**Problem to work on:**
An exact copy of all the data is required, with pictures left out.

**Information shown:**

==================================================

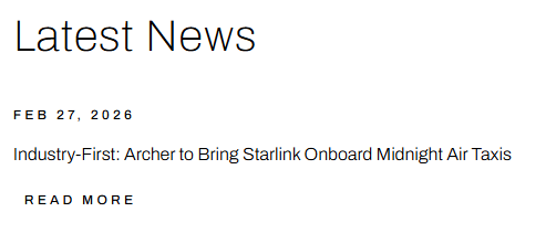 当地时间周五(2月27日),电动垂直起降飞行器(eVTOL)公司Archer Aviation Inc.在官网宣布,公司将与星链(Starlink)合作,为空中出租车提供稳定、可靠和高速的互联网服务。
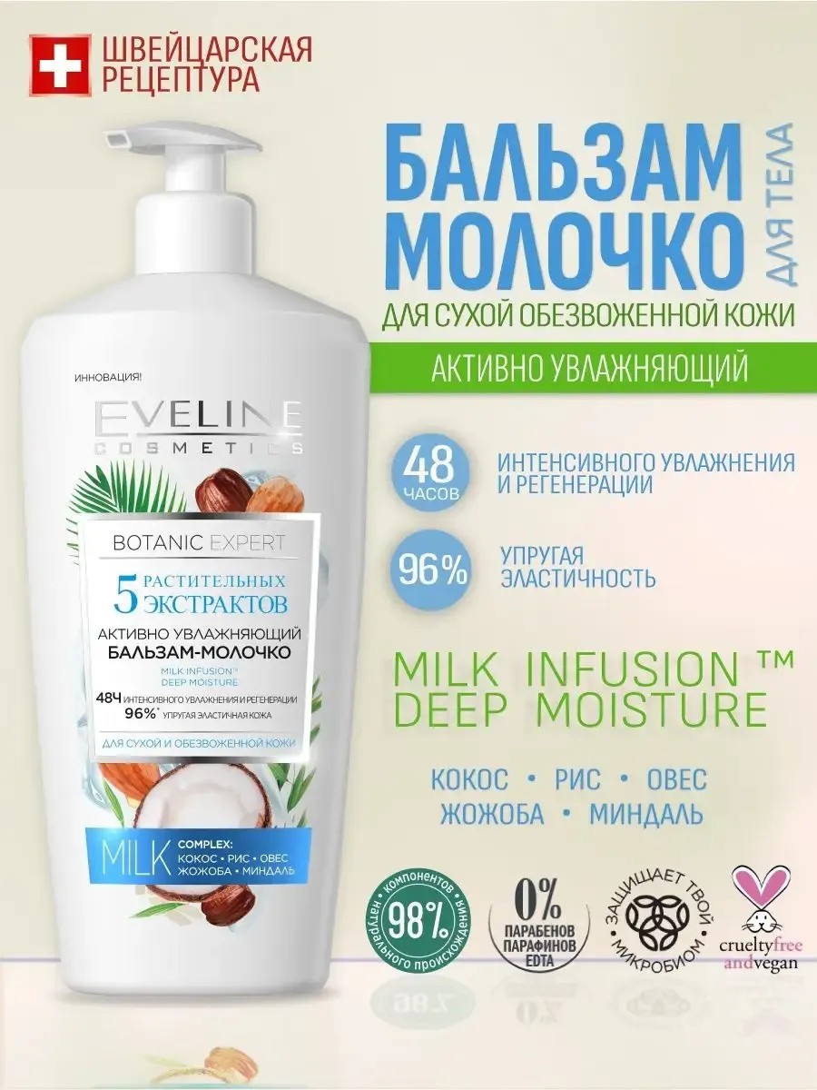 Бальзам молочко для тела eveline Botanic expert обладает активным увлажняющим действием, рекомендуется для ухода за сухой и обезвоженной кожей. В основе увлажняющего молочка для тсухой кожи лежит технология Милк Infusion, которая обеспечивает ревитализирующий эффект и способствует укреплению и разглаживанию кожи. Формула продукта включает пять растительных экстрактов, которые способствуют глубокой регенерации, максимальному укреплению и улучшению эластичности кожи, обеспечивая интенсивное увлажнение. Ключевыми компонентами молочка являются кокос, рис, овес, жожоба и миндаль.
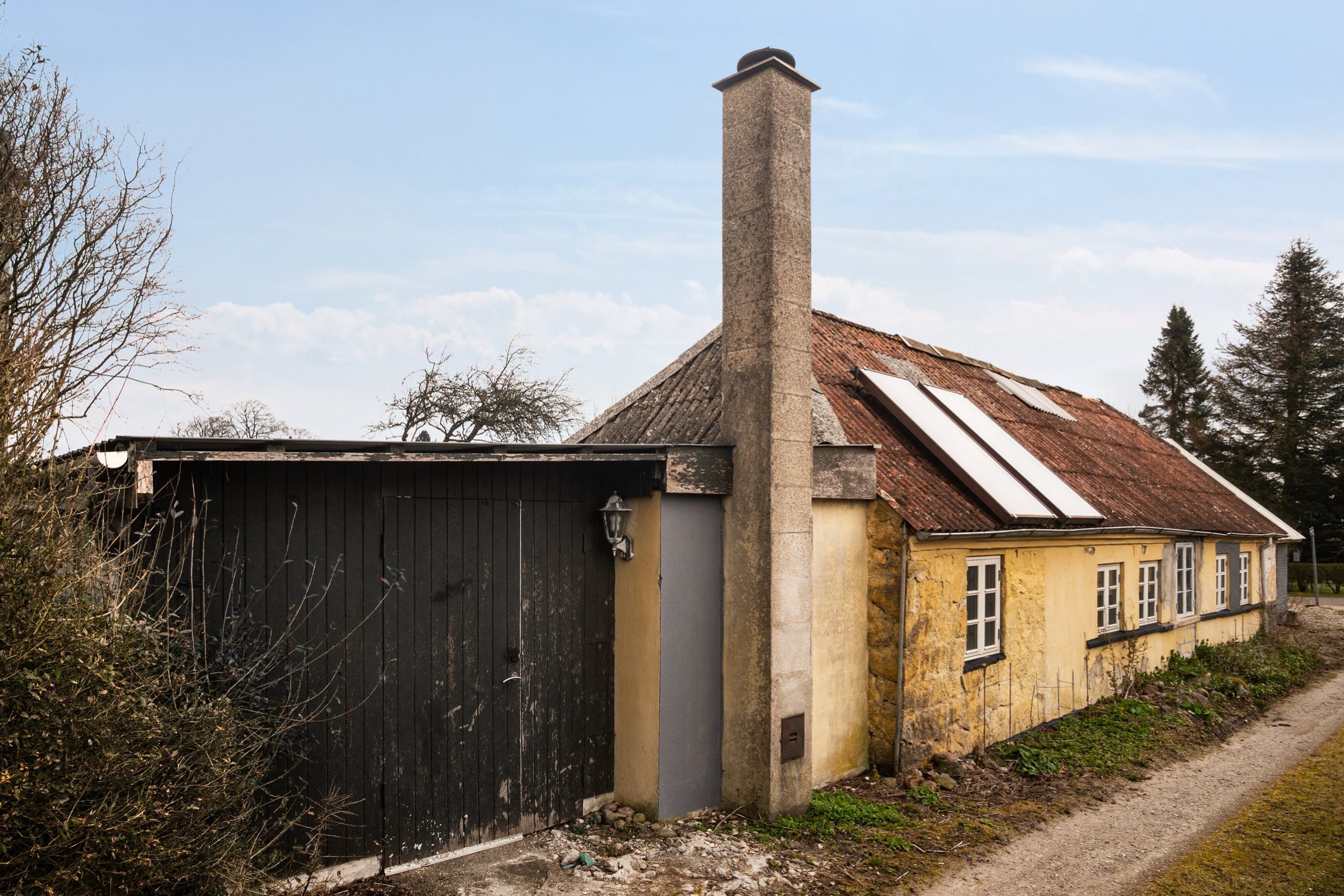 - Tagdækningsmateriale: Fibercement, herunder asbest (bølge- eller skifer-eternit)

==================================================

**Task result:**
 当地时间周五(2月27日),电动垂直起降飞行器(eVTOL)公司Archer Aviation Inc.在官网宣布,公司将与星链(Starlink)合作,为空中出租车提供稳定、可靠和高速的互联网服务。
 Бальзам молочко для тела eveline Botanic expert обладает активным увлажняющим действием, рекомендуется для ухода за сухой и обезвоженной кожей. В основе увлажняющего молочка для тсухой кожи лежит технология Милк Infusion, которая обеспечивает ревитализирующий эффект и способствует укреплению и разглаживанию кожи. Формула продукта включает пять растительных экстрактов, которые способствуют глубокой регенерации, максимальному укреплению и улучшению эластичности кожи, обеспечивая интенсивное увлажнение. Ключевыми компонентами молочка являются кокос, рис, овес, жожоба и миндаль.
 - Tagdækningsmateriale: Fibercement, herunder asbest (bølge- eller skifer-eternit)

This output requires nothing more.